**** Supplied material
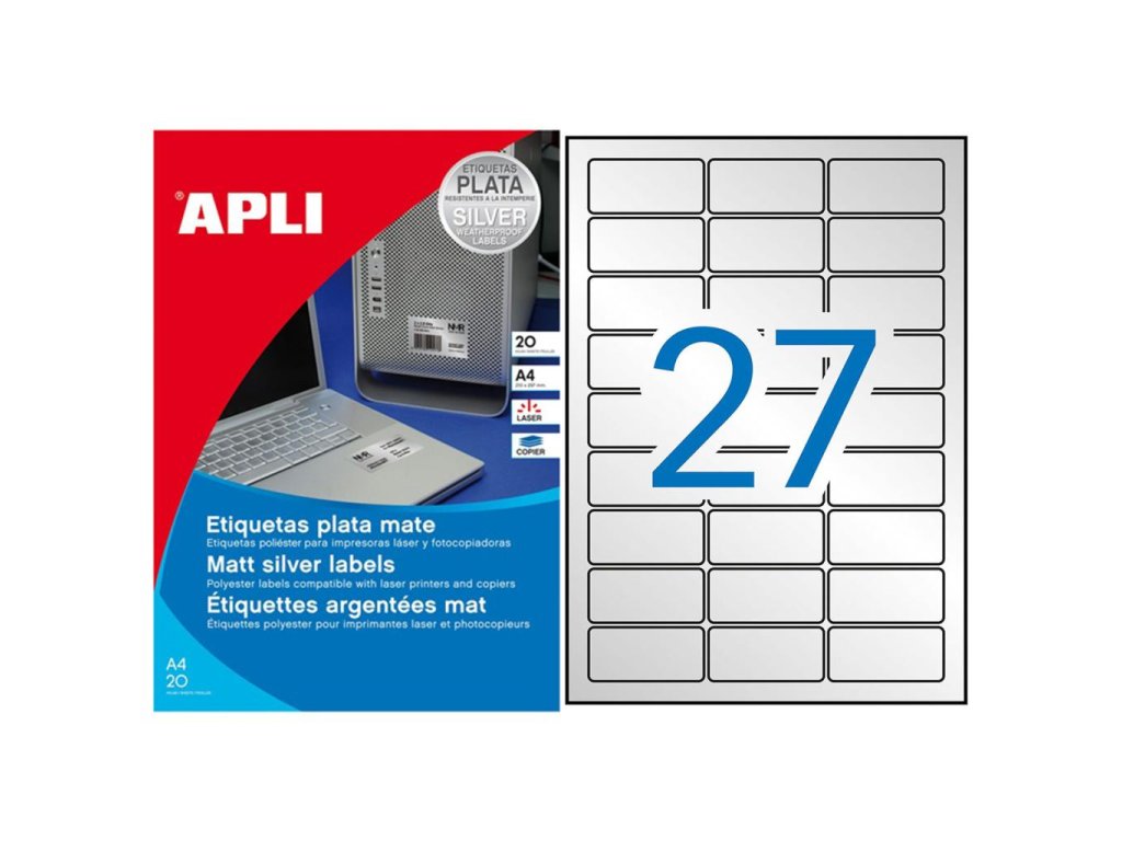 Etikety polyesterové 63,5x29,6mm APLI A4 20 hárkov strieborné
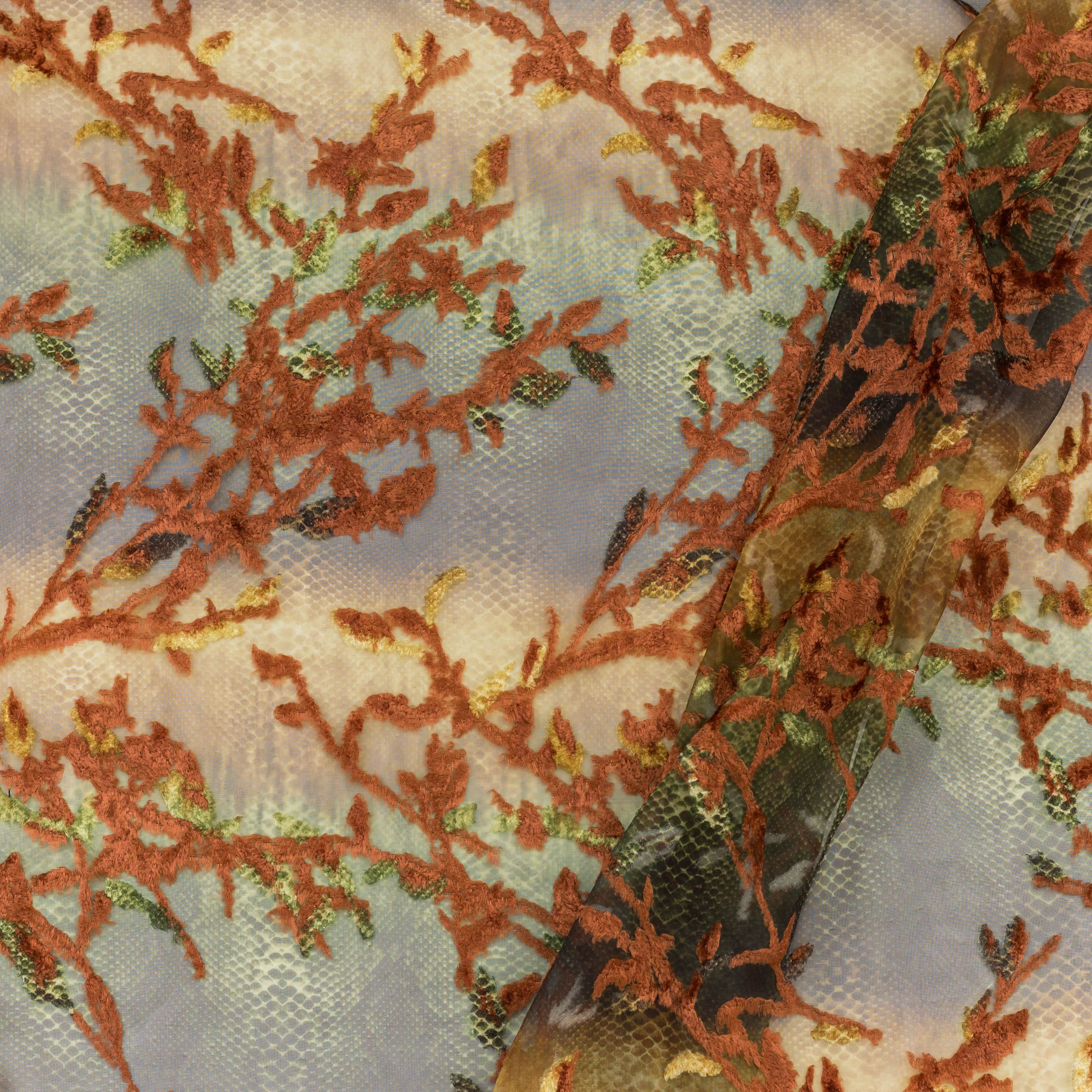 Το ύφασμα έχει φλοράλ σχέδιο με κλαδιά και φυλλώματα σε έντονη καφέ/λαδί απόχρωση, κεντημένα επάνω σε βάση με tie-dye εφέ. Η βάση παίζει σε λαδί, χρυσό, πράσινο και καφέ τόνους, με διακριτική υφή που θυμίζει snake print.
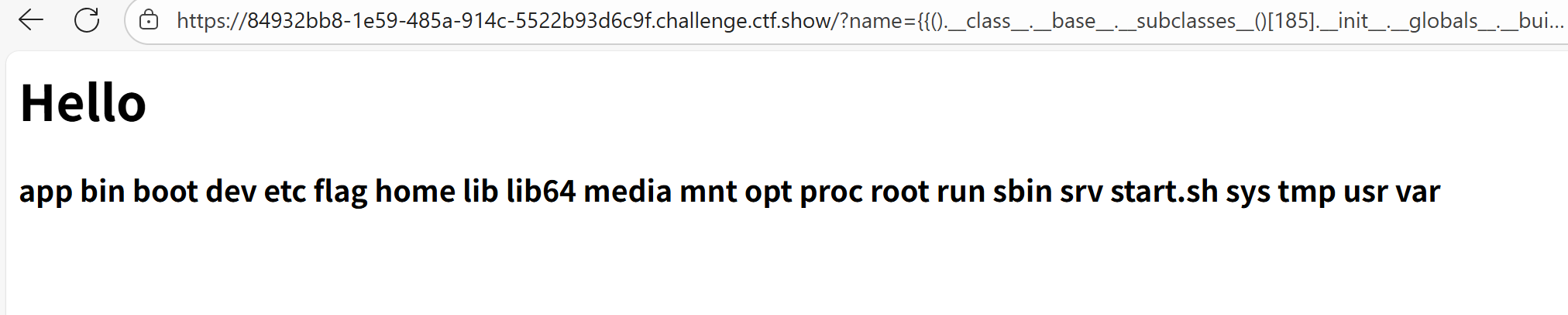 ?name={{().__class__.__base__.__subclasses__()[185].__init__.__globals__.__builtins__['eval']('__import__("os").popen("ls /").read()')}}
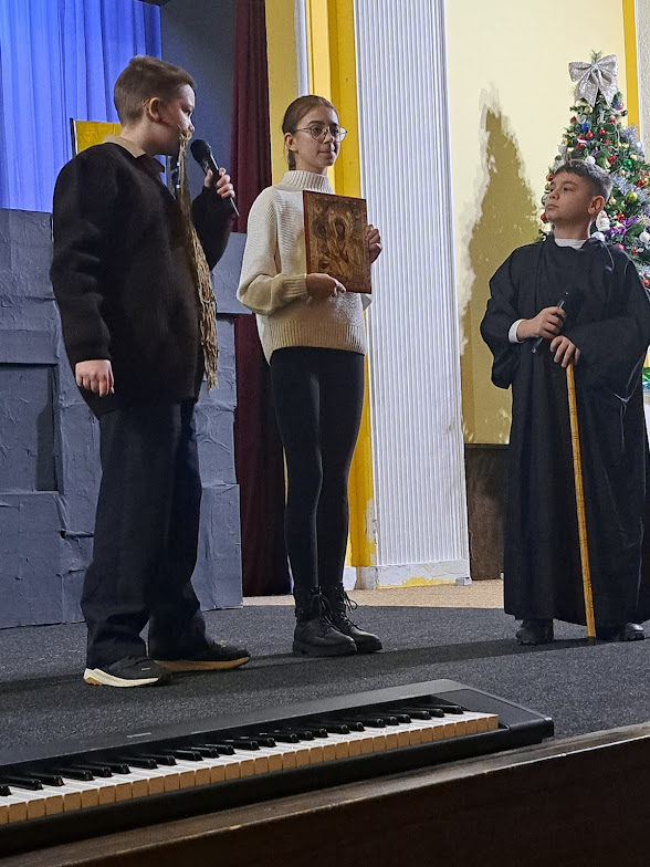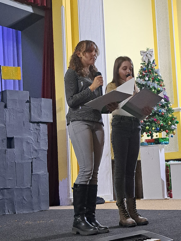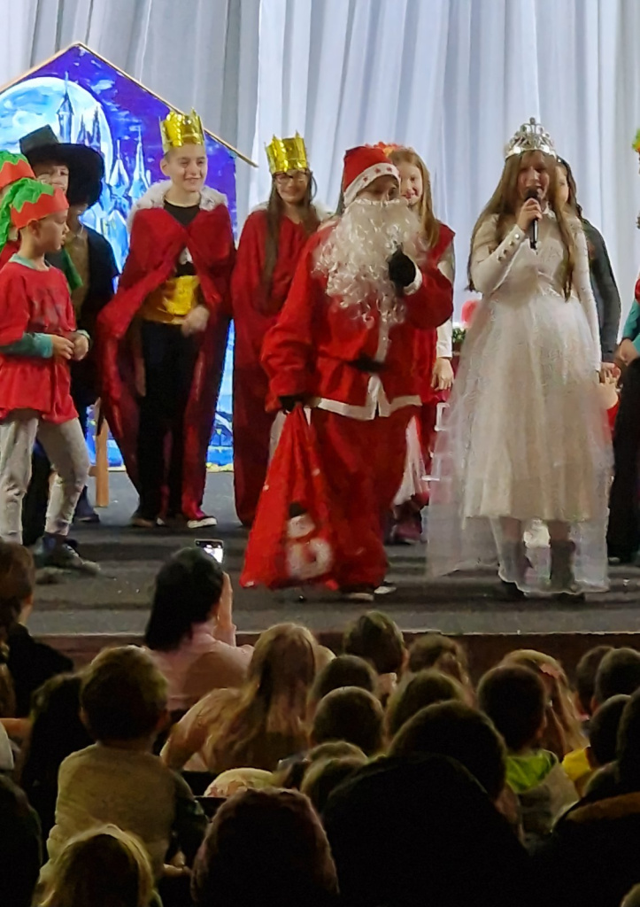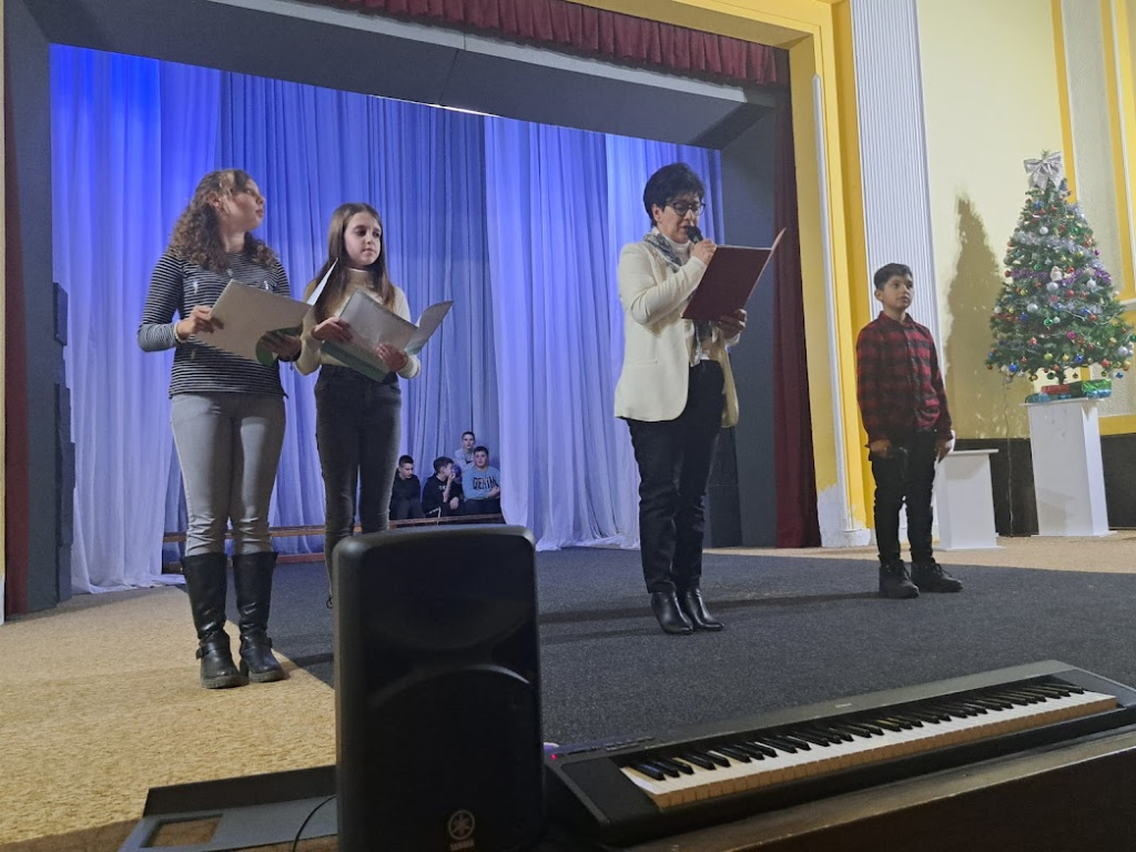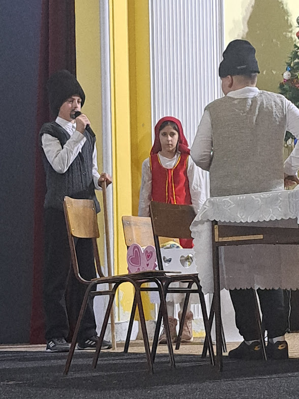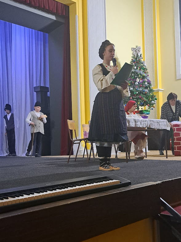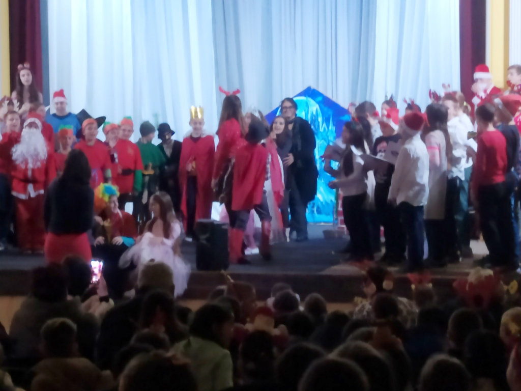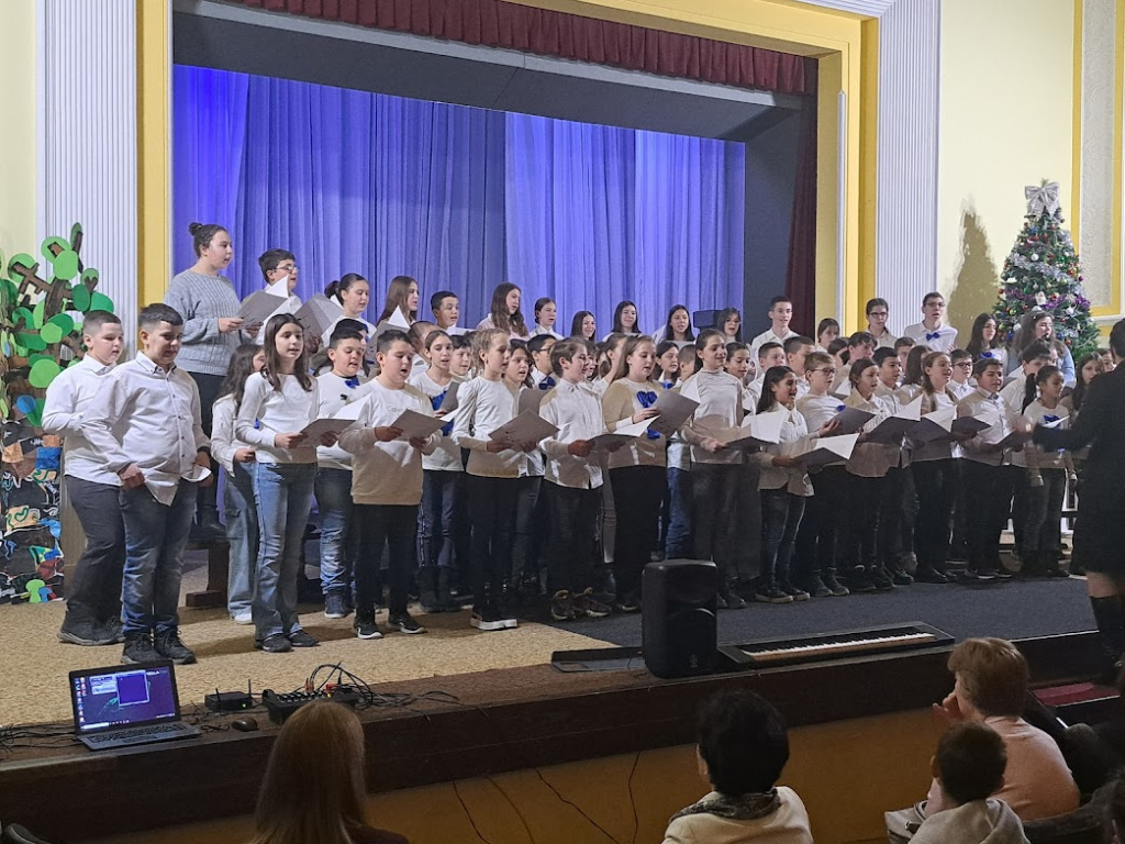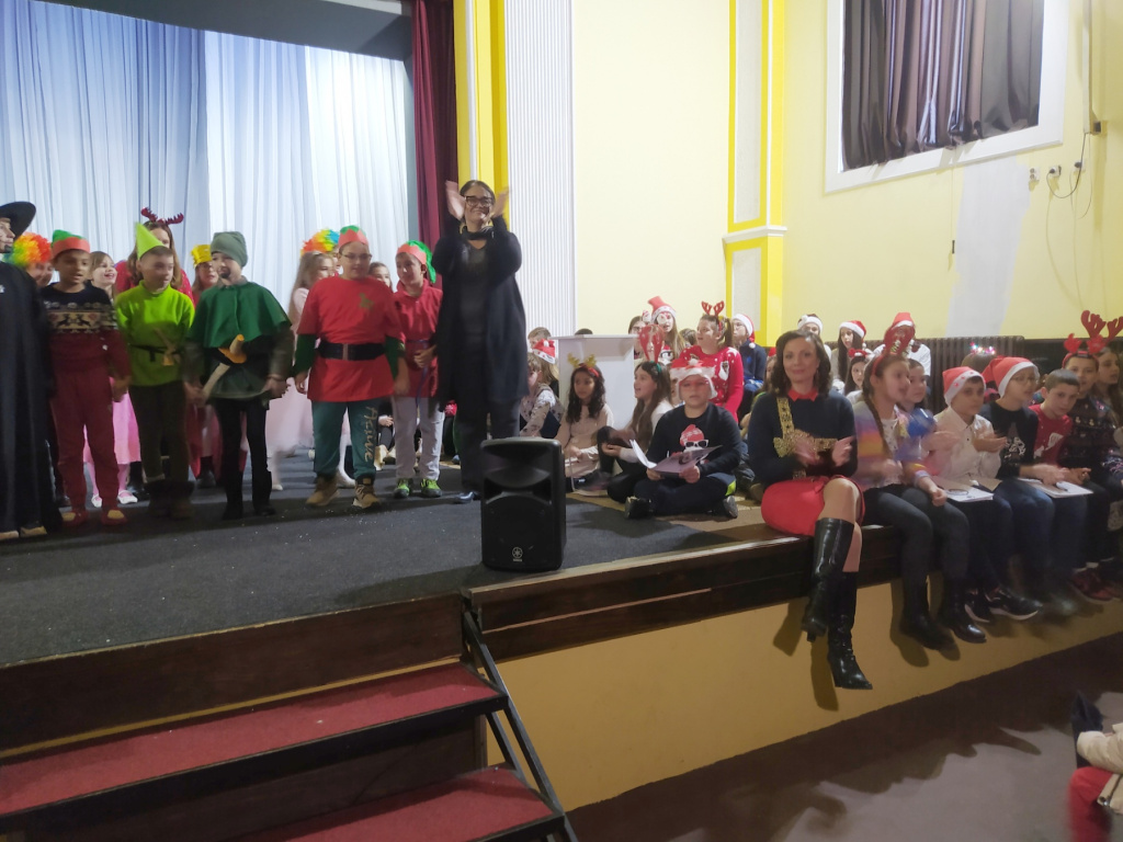 Новогодишња представа ученика 4-1 и хора је измамила осмехе деци а салу испунила радошћу. Уживали су и глумци, и певачи, и публика.
********
Work item: Give again, word for word, the lines above from the first one through the one containing "Το ύφασμα έχει"; no pictures.

Solved problem:
 Etikety polyesterové 63,5x29,6mm APLI A4 20 hárkov strieborné
 Το ύφασμα έχει φλοράλ σχέδιο με κλαδιά και φυλλώματα σε έντονη καφέ/λαδί απόχρωση, κεντημένα επάνω σε βάση με tie-dye εφέ. Η βάση παίζει σε λαδί, χρυσό, πράσινο και καφέ τόνους, με διακριτική υφή που θυμίζει snake print.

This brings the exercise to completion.